#### REQUIRED ACTION
Using the listing below, copy exactly the lines from the one containing "Bulz,[1] also called" to the one containing "在国际元青花学术会议上,伊朗", both lines included, and no others.

#### RECORDS

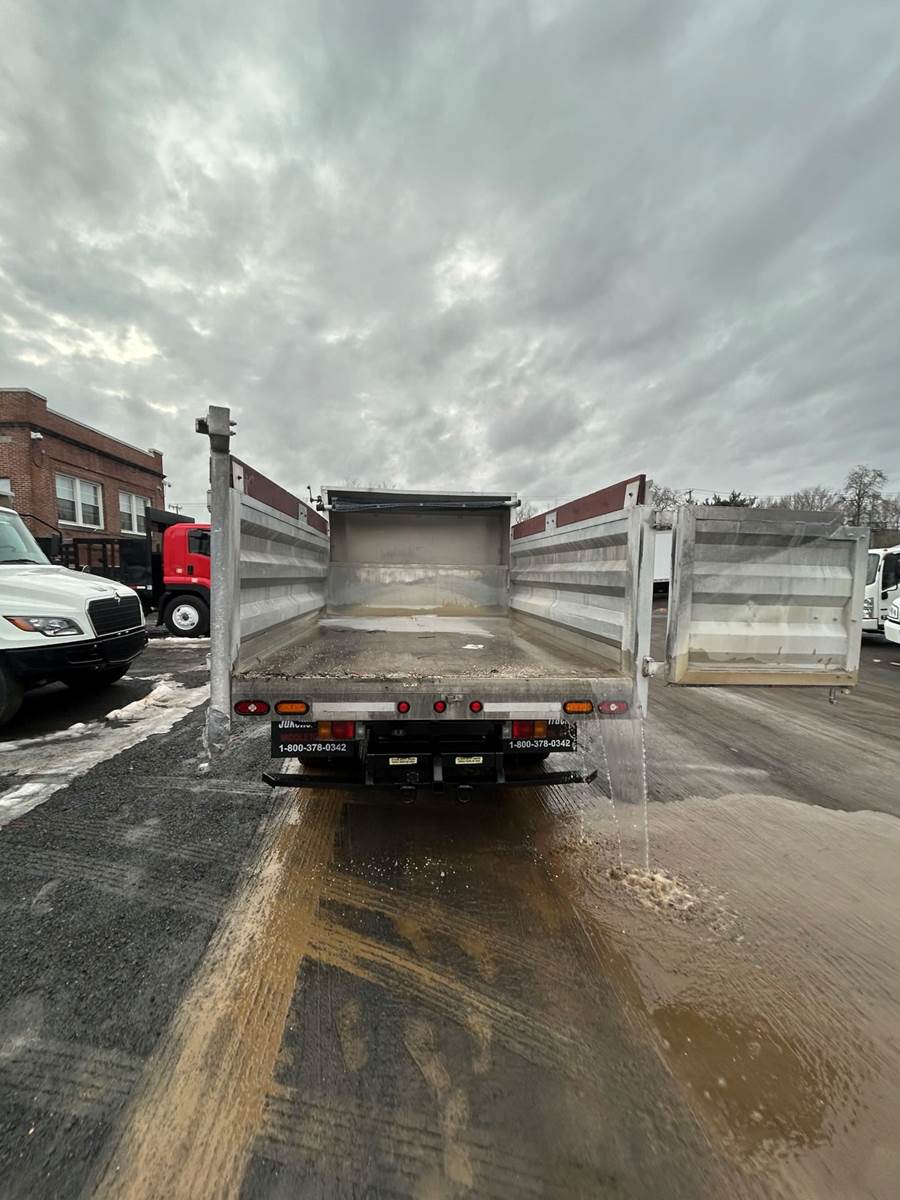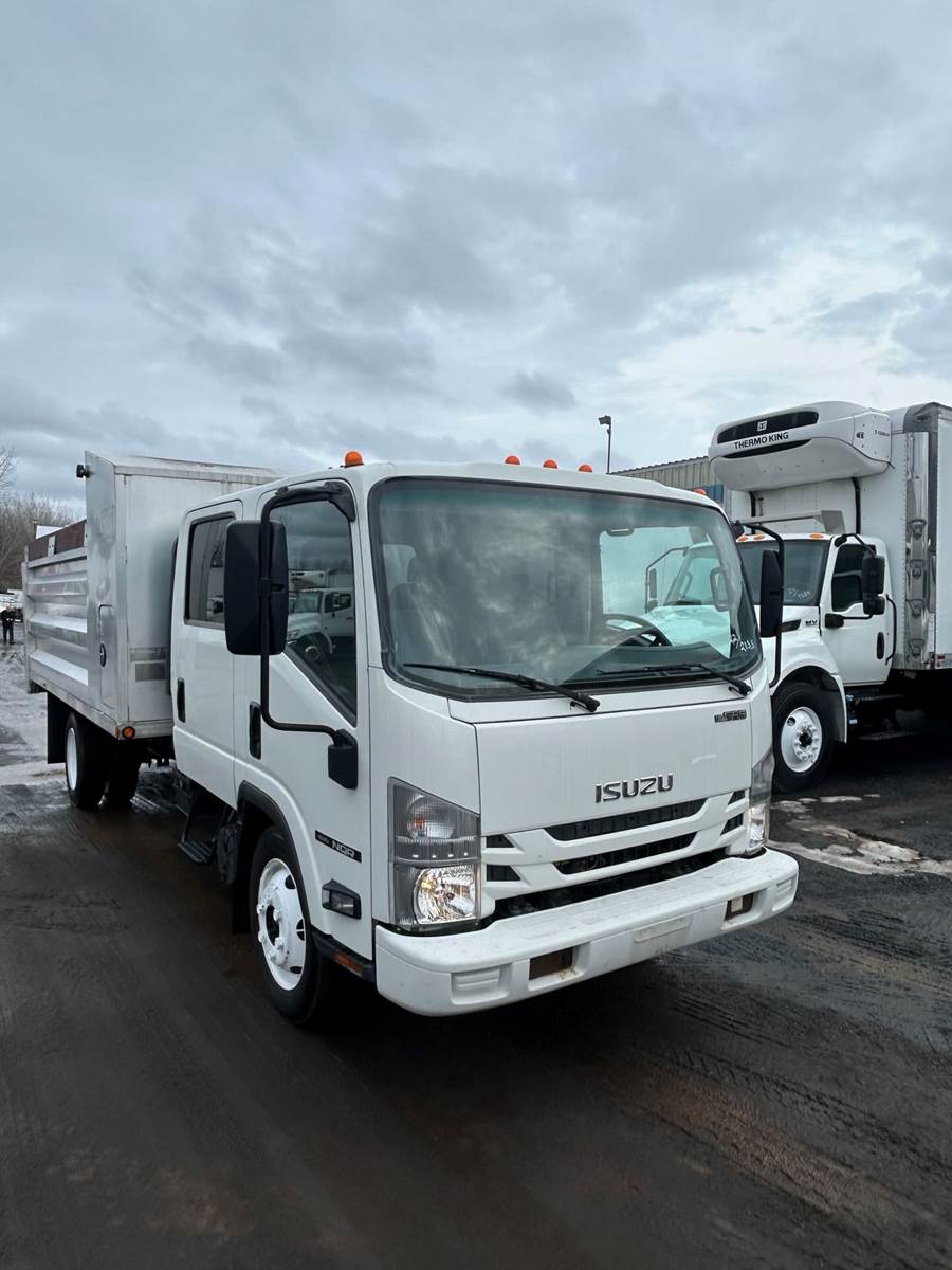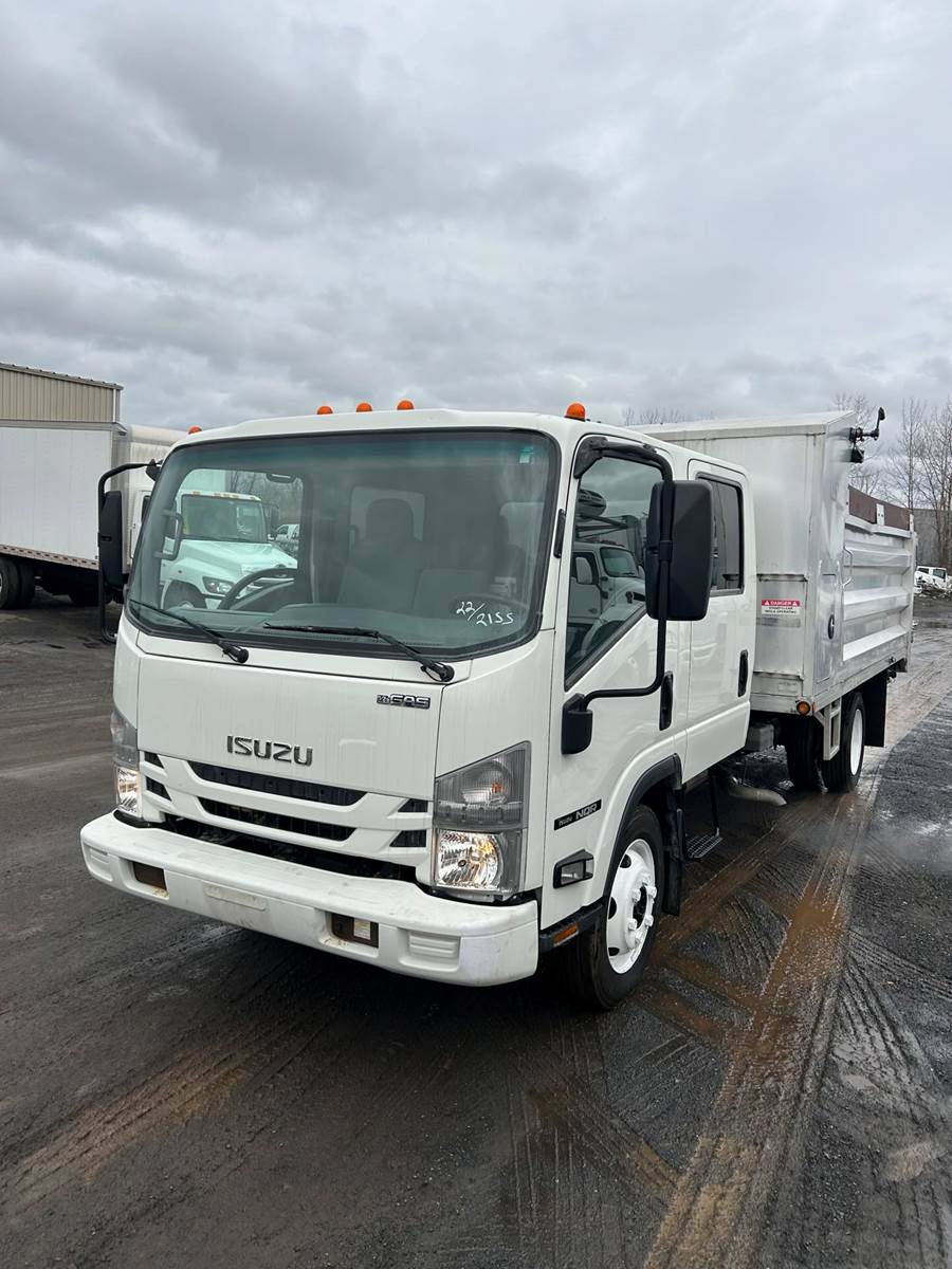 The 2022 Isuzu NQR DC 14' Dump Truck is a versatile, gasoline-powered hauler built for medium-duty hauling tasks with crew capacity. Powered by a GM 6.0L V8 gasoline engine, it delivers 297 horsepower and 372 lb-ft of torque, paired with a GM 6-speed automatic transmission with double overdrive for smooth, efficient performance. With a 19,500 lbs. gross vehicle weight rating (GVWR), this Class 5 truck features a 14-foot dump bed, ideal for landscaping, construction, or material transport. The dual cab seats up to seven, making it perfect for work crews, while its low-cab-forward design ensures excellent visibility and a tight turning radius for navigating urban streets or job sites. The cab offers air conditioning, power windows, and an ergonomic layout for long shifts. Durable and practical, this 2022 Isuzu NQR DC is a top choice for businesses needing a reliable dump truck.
--
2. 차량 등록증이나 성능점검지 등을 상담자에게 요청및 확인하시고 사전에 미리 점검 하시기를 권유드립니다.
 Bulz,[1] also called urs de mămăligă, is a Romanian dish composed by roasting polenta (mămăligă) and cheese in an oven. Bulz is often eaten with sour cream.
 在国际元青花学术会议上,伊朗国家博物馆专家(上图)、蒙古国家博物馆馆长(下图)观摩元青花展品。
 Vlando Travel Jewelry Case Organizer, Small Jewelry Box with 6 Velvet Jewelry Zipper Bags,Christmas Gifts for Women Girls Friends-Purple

#### ANSWER SPACE
 Bulz,[1] also called urs de mămăligă, is a Romanian dish composed by roasting polenta (mămăligă) and cheese in an oven. Bulz is often eaten with sour cream.
 在国际元青花学术会议上,伊朗国家博物馆专家(上图)、蒙古国家博物馆馆长(下图)观摩元青花展品。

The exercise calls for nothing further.